Thabo Mbeki liked to speak of a second economy inhabited by the poor. No doubt he liked this idea because it was usually accompanied by the proposal to create ‘ladders’ by which poor people could step up into the first economy via their own entrepreneurship. This kind of fantasy has been roundly criticised with good reason. It is a way of avoiding any confrontation with the burdens of our history that has created poverty for some and wealth for others. It assumes that the faults with our society are not systemic but are rather with the individuals who have failed to succeed in the system.

But perhaps it would be useful to rework Mbeki’s phrase and to speak of a second democracy for the poor. This would enable us to confront the reality that in our society many people are routinely prevented from exercising the right to dissent with threats of violence and with actual violence – often at the hands of the state.

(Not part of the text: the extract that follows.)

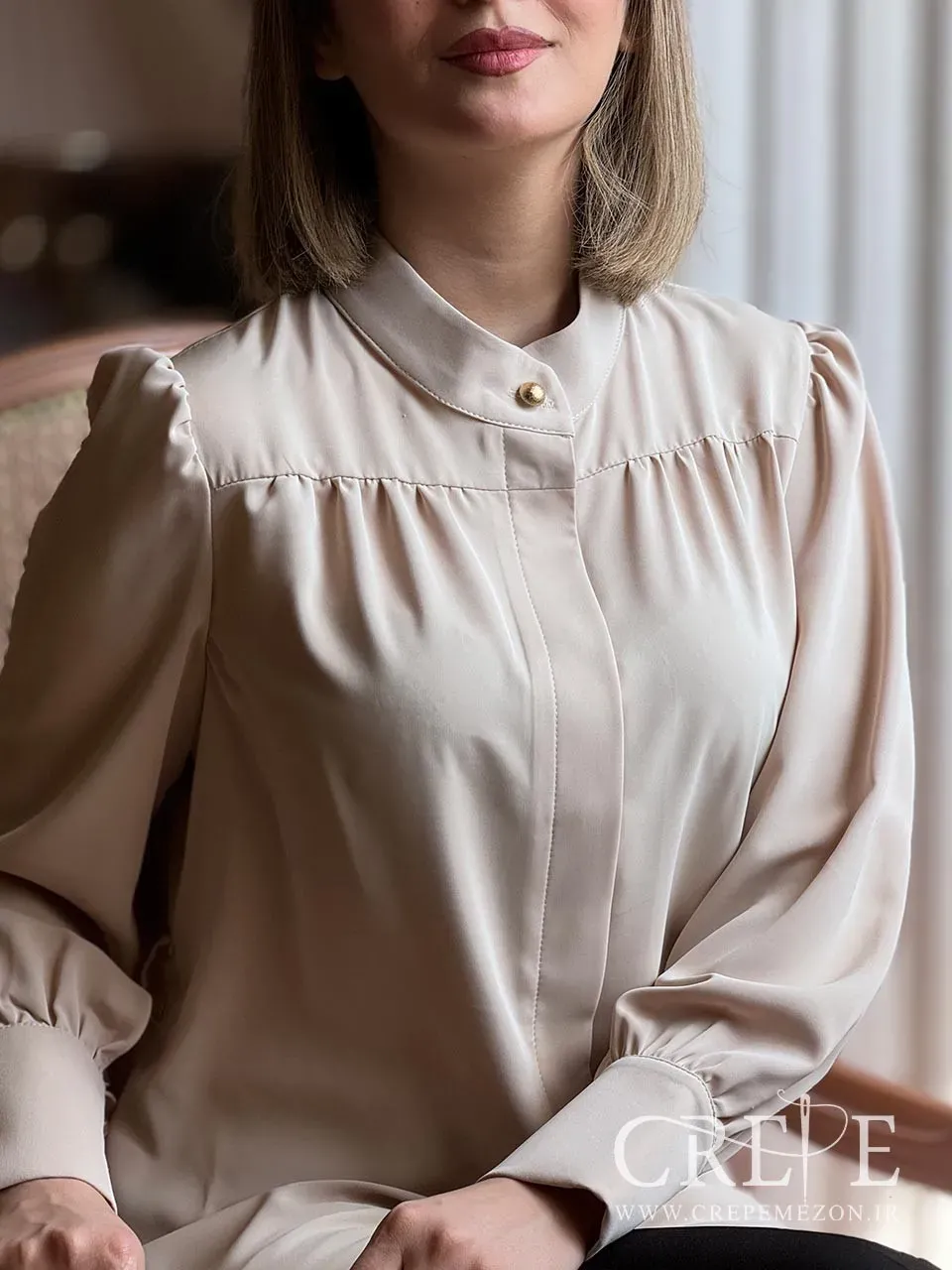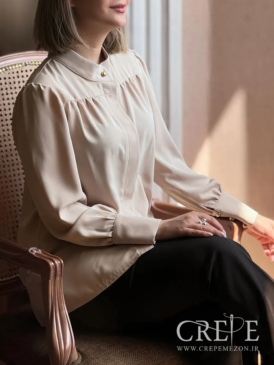 تونیک کمردار کرپ مصری دارای یقه فرانسوی بوده و دکمه های طلایی آن باعث می شود ظاهر مجلسی تری داشته باشد. آستین ها مچی و در قسمت بالاتنه دارای چین سوزنی می باشد تا کار را از سادگی درآورده و چشم ها را درگیر کند. این شومیز بلند با رنگبندی نود و کاربردی که دارد برای تمامی مراسم های پیش رو مناسب بوده و طیف عظیمی از مراسم ها را پوشش میدهد. همچنین همانطور که در تصویر می بینید پوشیده بودن آن باعث می شود در مراسم عقد، مهمانی، دورهمی های خودمانی، کنسرت و حتی مسافرت های خارج از کشور نیز قابلیت استفاده را داشته و اگر با شلوار همرنگ یا هم تنالیته ست شود استایل مونوکروم داشته و شما را کشیده و باریک تر نشان خواهد داد.

Although there are important exceptions it is generally true that in South Africa neither civil society nor party politics have shown much concern with the widespread intolerance to independent political activity by poor people’s organisations. Many implicitly accept the assumption that the poor are second-class citizens.

But those who are not moved by the idea that everyone’s rights and lives carry the same weight, should ponder the fact that when elites are able to get away with oppressing the vulnerable they inevitably turn their sights on other less vulnerable people. If councillors are able to set the police or even assassins on their poor or working class political opponents it is just a matter of time before the middle class will, again, have to wonder if dissent will be met with an ominous late night knock on the door.